Fixer is essentially a single target version of Hemlocke's Smelling Salts AoE play, but restricted to Mechanica models. It is very good when you need it, acting as a better version of Come On Mate!. Especially good in Pin Vice teams (ie. can target anyone), and as a late turn play, or to use up excess influence.

Long Bomb is a situational but solid play that is mostly likely used as a long pass, but without the risk of interception. As a backfield model, Ratchet is quite well positioned to pick up the ball defensively, either from a missed enemy pass/shot or a momentous Tackle. He can then boot it back down the field to a waiting striker or winger to put in the back of the net next activation. Perfectly legit first and second activation play which again plays into the Engineer theme of excellent ball control. At worse, it can help keep aggressive ball playing teams where you want them - at range.

Blast Earth is probably Ratchet's most commonly used character play. Engineers like to stay at a distance and plink at you while they score goals. With a massive 10" RNG, Blast Earth allows you to put rough terrain exactly where you want it to slow your opponent AND deal some damage. Unlike most ongoing-effect AoE plays, Blast Earth does not have clause that requires opponents to enter or end their activation in for additional effects - therefore if you can deal some damage and have the AoE in a good spot, why not roll the dice?

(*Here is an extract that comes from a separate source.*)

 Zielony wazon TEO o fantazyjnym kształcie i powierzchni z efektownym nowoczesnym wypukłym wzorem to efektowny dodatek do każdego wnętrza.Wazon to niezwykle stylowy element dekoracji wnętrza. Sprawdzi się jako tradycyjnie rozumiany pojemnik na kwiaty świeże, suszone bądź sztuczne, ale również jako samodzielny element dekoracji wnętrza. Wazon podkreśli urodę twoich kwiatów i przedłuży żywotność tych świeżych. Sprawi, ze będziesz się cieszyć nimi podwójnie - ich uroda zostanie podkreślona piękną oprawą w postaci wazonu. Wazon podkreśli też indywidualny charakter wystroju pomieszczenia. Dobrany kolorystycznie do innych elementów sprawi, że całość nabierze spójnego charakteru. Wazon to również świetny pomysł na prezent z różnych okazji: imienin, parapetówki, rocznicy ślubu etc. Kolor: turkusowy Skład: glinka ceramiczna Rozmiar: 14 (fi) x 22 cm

At first glance, the Heroic Play Overclocked seems highly situational. It might be useful on Velocity/Hoist to get them into combat, steal the ball, and land multiple push/dodges before scoring then being taken out (and consequently Reanimated).
It also stacks with all of Pin Vice's Mechanica only plays, so if someone is going to die as a result of those, you could always throw in Overclocked for extra efficiency.

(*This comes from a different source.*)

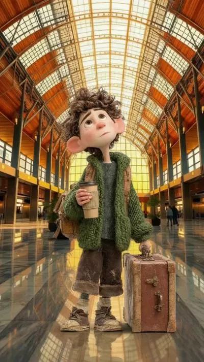 Blend Anime and Reality Boy Holds Suitcase and Coffee at the Anime Train Station

Apart from that, giving up 2 VP/a lot of player health +1 MP in exchange for 1/2 effective INF  seems like a pretty bad trade unless it nets you a game-winning goal. To make sense of this, you need to look at Ratchet's Character Trait:





To understand the value of Creation [Mainspring], you have to look back at his Heroic Play Overclocked and at the back of Mainspring's card - specifically that when Mainspring is taken out, he causes 3 DMG and burning to every other model within 3" (including friendly models!).

For 3 MP, you can bring back Mainspring, use Overclocked on it, then send him charging into an enemy model 9" away (getting a few playbook results in the process), ultimately exploding in a huge ball of fire and punishing clumped up enemies. Combo that with Blast Earth, and you've got a serious amount of MOV debuffs and area damage. Very strong damage and denial combo.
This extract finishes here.